Learning an Explicit Hyperparameter Prediction Function Conditioned on
Tasks
- URL: http://arxiv.org/abs/2107.02378v3
- Date: Sat, 1 Jul 2023 09:27:29 GMT
- Title: Learning an Explicit Hyperparameter Prediction Function Conditioned on
Tasks
- Authors: Jun Shu, Deyu Meng, Zongben Xu
- Abstract summary: Meta learning aims to learn the learning methodology for machine learning from observed tasks, so as to generalize to new query tasks.
We interpret such learning methodology as learning an explicit hyper- parameter prediction function shared by all training tasks.
Such setting guarantees that the meta-learned learning methodology is able to flexibly fit diverse query tasks.

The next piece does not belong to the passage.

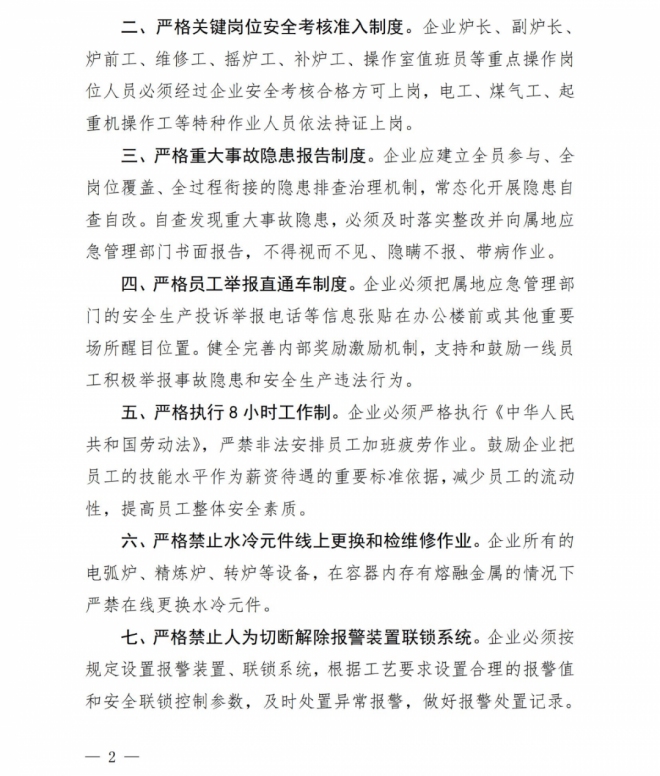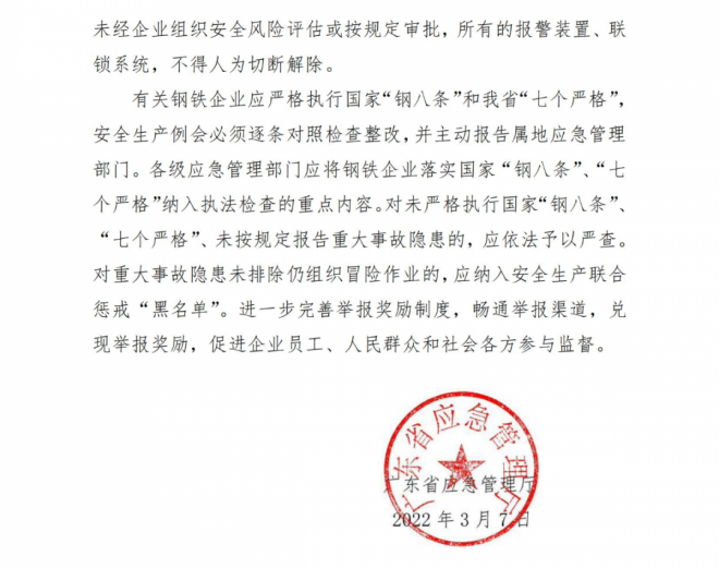 近日,廣東省應急管理廳下發了關於堅決落實鋼鐵企業安全管理“七個嚴格”的de通tong知zhi。通tong知zhi提ti到dao,為wei切qie實shi落luo實shi鋼gang鐵tie企qi業ye安an全quan生sheng產chan主zhu體ti責ze任ren,有you效xiao防fang範fan化hua解jie安an全quan風feng險xian,嚴yan防fang爆bao炸zha等deng各ge類lei事shi故gu發fa生sheng,現xian提ti出chu加jia強qiang廣guang東dong省sheng鋼gang鐵tie企qi業ye安an全quan管guan理li“七個嚴格”措施(以下簡稱“七個嚴格”),在嚴格落實安全生產專項整治三年行動“鋼八條”(以下簡稱國家“鋼八條”)基礎上,一並貫徹執行。

- Score: 62.63852372239708
- License: http://creativecommons.org/licenses/by/4.0/
- Abstract: Meta learning has attracted much attention recently in machine learning
community. Contrary to conventional machine learning aiming to learn inherent
prediction rules to predict labels for new query data, meta learning aims to
learn the learning methodology for machine learning from observed tasks, so as
to generalize to new query tasks by leveraging the meta-learned learning
methodology. In this study, we interpret such learning methodology as learning
an explicit hyper-parameter prediction function shared by all training tasks.

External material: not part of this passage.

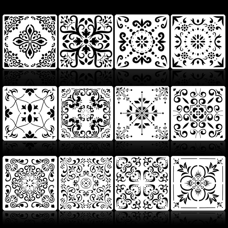 Modixun Tile Stencils Large 30x30cm Reusable Floor Stencils with Round Edges Painting Stencils for Wall, Wood, Furniture, Style A 12pcs

Specifically, this function is represented as a parameterized function called
meta-learner, mapping from a training/test task to its suitable hyper-parameter
setting, extracted from a pre-specified function set called meta learning
machine. Such setting guarantees that the meta-learned learning methodology is
able to flexibly fit diverse query tasks, instead of only obtaining fixed
hyper-parameters by many current meta learning methods, with less adaptability
to query task's variations. Such understanding of meta learning also makes it
easily succeed from traditional learning theory for analyzing its
generalization bounds with general losses/tasks/models. The theory naturally
leads to some feasible controlling strategies for ameliorating the quality of
the extracted meta-learner, verified to be able to finely ameliorate its
generalization capability in some typical meta learning applications, including
few-shot regression, few-shot classification and domain generalization.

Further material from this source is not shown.